Last week’s work was so exciting that i was almost afraid to try to recreate it. “I’m good with that, moving right along.”. However, i’ve yet to find a training method that allows for results that cannot be replicated. Which makes sense as a dog can act very differently in a new place, or different sheep or different people watching, or new noises or the grass not being cut the same…. Finicky creatures these young dogs.
On Friday, I put my ego on the line and tried to recreate the pen exercises from last Sunday. The hard part about recreating an exercise in a different place is that no two facilities are the same. Last Sunday we had 2 round pens of different sizes connected by a narrow alley. On Friday the closest we could get was to work a series of pens all connected. The smallest pen was 7′x7′ (ish). We started there and first had to remind Molly that she can move around in a small space and the sheep won’t bite her ala “Black Sheep – The movie“. After a few minutes she got right into the groove of it. She moved them both directions in that little pen.
The next pen was the same width, but much longer. We worked on her waiting with me after she exhausted the sheep from the small pen to the larger pen. Then retrieving her sheep from the large pen and putting them carefully back in the small pen. The trick in small spaces was keeping things calm and easy. Not necessarily about learning a new skill, but using the same skills in a new place.
In the next practice session, I added a 3rd pen that was larger than the first, but smaller than the second. It was probably premature, but it didn’t go poorly just faster than I’d have liked. So we moved them back to the second pen and went back to a few rounds of quiet work before exhausting them to the big field.

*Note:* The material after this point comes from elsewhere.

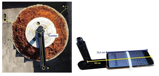 There is a forced centering device (a standard screw) on the pillar that makes it possible to position a geodetic antenna on it. In addition, three auxiliary points around the center were considered, at a fixed distance of 20 cm from the central point (on the left of Figure 1). The fixed distance was possible by means of a special support (Figure 1).

I was really pleased with Molly’s quiet calm work. Maybe even more impressive was how well she was using her farm manners. In moving the sheep from the last pen finally into the first there was some gate management where i had to call her and have her walk with me. Otherwise we ran the risk she’d end up fetching them to me before I was ready and someone (me) was going to get hurt. She also held the sheep off me at a gate. Which was great, but a little surprising. Leave it to Molly to teach herself inside flanks from my giving her wrong commands. However, before assuming that I would need to replicate it. Right?